Data excerpts

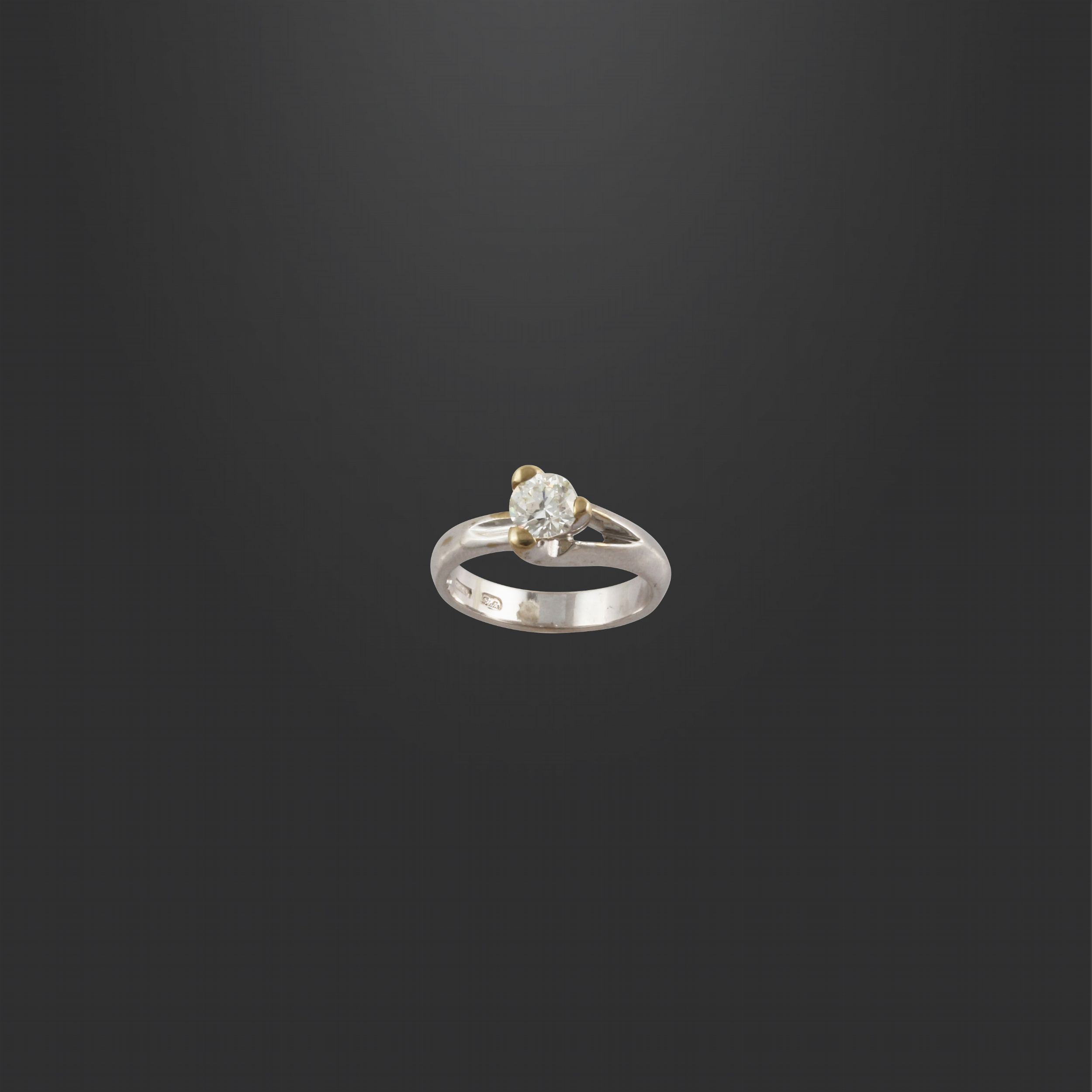 in oro bianco con gambo parzialmente traforato e brillante al centro del peso di 0,60 ct ca. (piccola sbeccatura), gr. 5,6.Misura 14
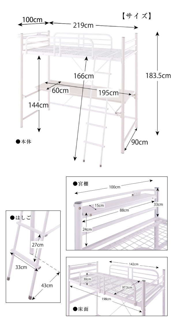 3段可動式!プライベートデスク付き・ロフトベッド
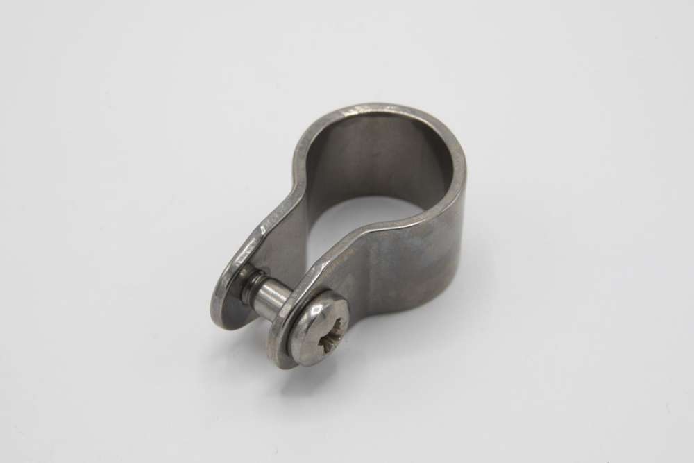 Rørklemme 7010 i rustfritt stål, AISI 316. Monteres sammen med endeplugg artikkelnr. 716 og 7017. Klemmes rundt 22 mm rør, atikkelnr. 6379, 6382, 6383 og 6385.
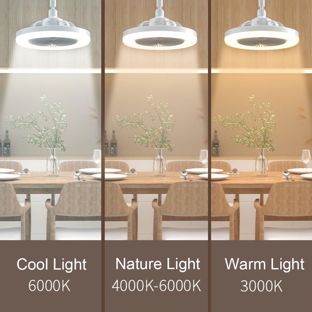 El VENTILADOR DE TECHO CON CONTROL REMOTO de luz y ambientador de fragancia, alto brillo de 3 velocidades de viento, ajuste multiángulo. La luz del ventilador utiliza un enchufe de rosca estándar E27, se controla mediante un interruptor común, no necesita instalar un controlador especial. Puede crear un ambiente de vida cómodo, ventilador de techo con luz mejora la calidad del sueño.
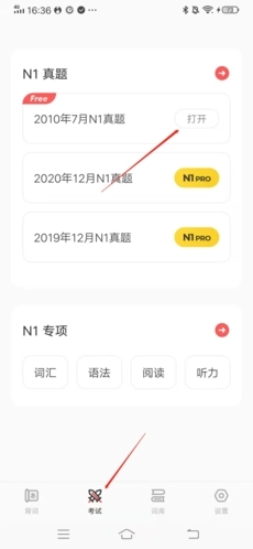 进入MOJiTEST后,先点击底部的“考试”选项,接着在页面上方选择你想参加的是考试还是测试。
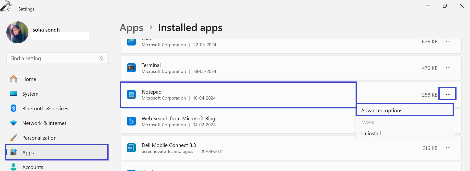 2. Εντοπίστε το σημειωματάριο. Κάντε κλικ (...) και επιλέξτε "Προχωρημένες επιλογές«.
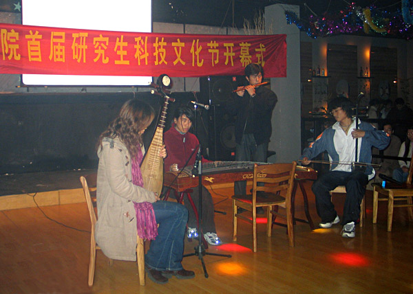 融合了知性的思想、感性的活力、悟性的理念于一体的我校首届研究生科技文化节于12月3日拉开帷幕。这是我校第一次举办以弘扬科技创新精神和营造浓厚人文氛围为主旨的研究生科技文化节。此次活动由校研究生学生会主办,得到了校团委、研究生部等有关部门的关心和支持。 校党委副书记于永明、副校长吕进等学校领导应邀出席了开幕式。研究生部主任李肖伟、校团委书记巢岺、学校各分团委书记及我校全体研究生和校学生会代表参加了开幕式。开幕式首先由吕进副校长致开幕词。他代表学校欢迎在杭各高校研究生学生会代表的到来,感谢他们对本次活动的支持,并详细介绍了我校研究生教育的情况。接着,浙江大学博士生演讲团副团长代表在杭各高校研究生会致贺词。随后,开幕式在04级研究生的合唱《相亲相爱》中开始了表演单元,从民乐表演《彩云追月》到吉他弹唱《外面的世界》,从Byond的《不再犹豫》到深情的《真心英雄》,从动感的Hip-Hop到柔美的舞蹈《江南》,每一个节目都经过精心编排,得到了观众的好评。 在今后近一个月的时间里,计划将开展丰富多彩的科技文化、体育竞技等活动,力求将“活力•人文•知性”的主题渗透到本次科技文化节的每一个细节。

Work request
Beginning with the line that contains "进入MOJiTEST后,先点" and ending with the final line of the material, reproduce those lines exactly and nothing else. Omit the pictures.

Exercise answer
 进入MOJiTEST后,先点击底部的“考试”选项,接着在页面上方选择你想参加的是考试还是测试。
 2. Εντοπίστε το σημειωματάριο. Κάντε κλικ (...) και επιλέξτε "Προχωρημένες επιλογές«.
 融合了知性的思想、感性的活力、悟性的理念于一体的我校首届研究生科技文化节于12月3日拉开帷幕。这是我校第一次举办以弘扬科技创新精神和营造浓厚人文氛围为主旨的研究生科技文化节。此次活动由校研究生学生会主办,得到了校团委、研究生部等有关部门的关心和支持。 校党委副书记于永明、副校长吕进等学校领导应邀出席了开幕式。研究生部主任李肖伟、校团委书记巢岺、学校各分团委书记及我校全体研究生和校学生会代表参加了开幕式。开幕式首先由吕进副校长致开幕词。他代表学校欢迎在杭各高校研究生学生会代表的到来,感谢他们对本次活动的支持,并详细介绍了我校研究生教育的情况。接着,浙江大学博士生演讲团副团长代表在杭各高校研究生会致贺词。随后,开幕式在04级研究生的合唱《相亲相爱》中开始了表演单元,从民乐表演《彩云追月》到吉他弹唱《外面的世界》,从Byond的《不再犹豫》到深情的《真心英雄》,从动感的Hip-Hop到柔美的舞蹈《江南》,每一个节目都经过精心编排,得到了观众的好评。 在今后近一个月的时间里,计划将开展丰富多彩的科技文化、体育竞技等活动,力求将“活力•人文•知性”的主题渗透到本次科技文化节的每一个细节。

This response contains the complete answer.